Stored data:
»»
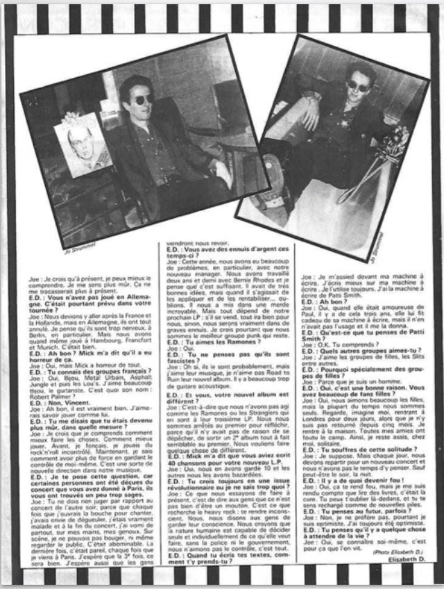 Paris… is beginning to sizzle… Joe jokes. Paris is Singing! screams! Final encore of London’s Burning ! With Joe citing the names of Parisian bands that matter right now: Asphalt Jungle ! The Stinky Toys ! etc. Yes, it’s 1977, and Paris is singing punk!
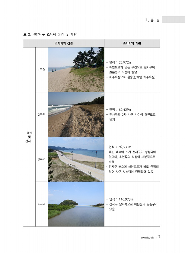 Ⅰ. 총 괄 www.nie.re.kr ? 7 조사지역 전경 조사지역 개황 해빈 및 전사구 1구역 면적 25,972㎡ 해안도로가 없는 구간으로 전사구에 초본류의 식생이 발달 해수욕장으로 활용 한재밑 해수욕장 2구역 면적 69,429㎡ 전사구와 2차 사구 사이에 해안도로 위치 3구역 면적 76,858㎡ 해빈 배후에 초기 전사구가 형성되어 있으며, 초본류의 식생이 부분적으로 발달 전사구 배후에 해안도로가 바로 인접해 있어 사구 시스템이 단절되어 있음 4구역 면적 116,973㎡ 전사구 남서쪽으로 마읍천의 유출구가 있음 표 2. 맹방사구 조사지 전경 및개황
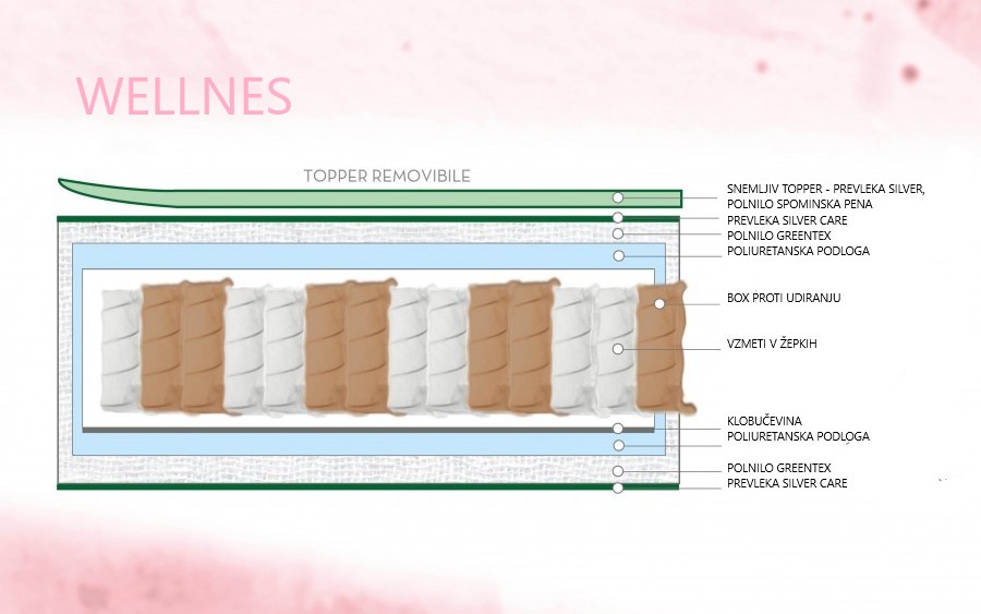 Inovativna blazina Topper je estetsko značilen element modela Wellness, polnjena z udobno in učinkovito spominsko peno. Za izboljšanje izjemnih ergonomskih lastnosti modela Wellness prispevajo vzmeti v žepkih s 7 podpornimi conami. Jedro je prekrito z Ergoflex bloki in obodnim boksom s stranskimi ojačitvami proti drsenju in udiranju. Pokrita s hipoalergeno in antistatično tkanino Silver Care, prijetna in udobna na dotik. Ta model ima sistem za obodno prezračevanje 3D-SPACE, ki je sestavljen iz tridimenzionalne tkanine, ki omogoča neprekinjeno izmenjavo zraka in tako ohranja vzmetnico svežo in prezračeno v vsaki sezoni. Zahvaljujoč vstavitvi štirih ročajev iz blaga je vzmetnico enostavno obračati. Višina v sredini: približno 26 cm
««
Problem to solve: The answer should be an exact copy of the material, with its pictures removed.

Solution:
 Paris… is beginning to sizzle… Joe jokes. Paris is Singing! screams! Final encore of London’s Burning ! With Joe citing the names of Parisian bands that matter right now: Asphalt Jungle ! The Stinky Toys ! etc. Yes, it’s 1977, and Paris is singing punk!
 Ⅰ. 총 괄 www.nie.re.kr ? 7 조사지역 전경 조사지역 개황 해빈 및 전사구 1구역 면적 25,972㎡ 해안도로가 없는 구간으로 전사구에 초본류의 식생이 발달 해수욕장으로 활용 한재밑 해수욕장 2구역 면적 69,429㎡ 전사구와 2차 사구 사이에 해안도로 위치 3구역 면적 76,858㎡ 해빈 배후에 초기 전사구가 형성되어 있으며, 초본류의 식생이 부분적으로 발달 전사구 배후에 해안도로가 바로 인접해 있어 사구 시스템이 단절되어 있음 4구역 면적 116,973㎡ 전사구 남서쪽으로 마읍천의 유출구가 있음 표 2. 맹방사구 조사지 전경 및개황
 Inovativna blazina Topper je estetsko značilen element modela Wellness, polnjena z udobno in učinkovito spominsko peno. Za izboljšanje izjemnih ergonomskih lastnosti modela Wellness prispevajo vzmeti v žepkih s 7 podpornimi conami. Jedro je prekrito z Ergoflex bloki in obodnim boksom s stranskimi ojačitvami proti drsenju in udiranju. Pokrita s hipoalergeno in antistatično tkanino Silver Care, prijetna in udobna na dotik. Ta model ima sistem za obodno prezračevanje 3D-SPACE, ki je sestavljen iz tridimenzionalne tkanine, ki omogoča neprekinjeno izmenjavo zraka in tako ohranja vzmetnico svežo in prezračeno v vsaki sezoni. Zahvaljujoč vstavitvi štirih ročajev iz blaga je vzmetnico enostavno obračati. Višina v sredini: približno 26 cm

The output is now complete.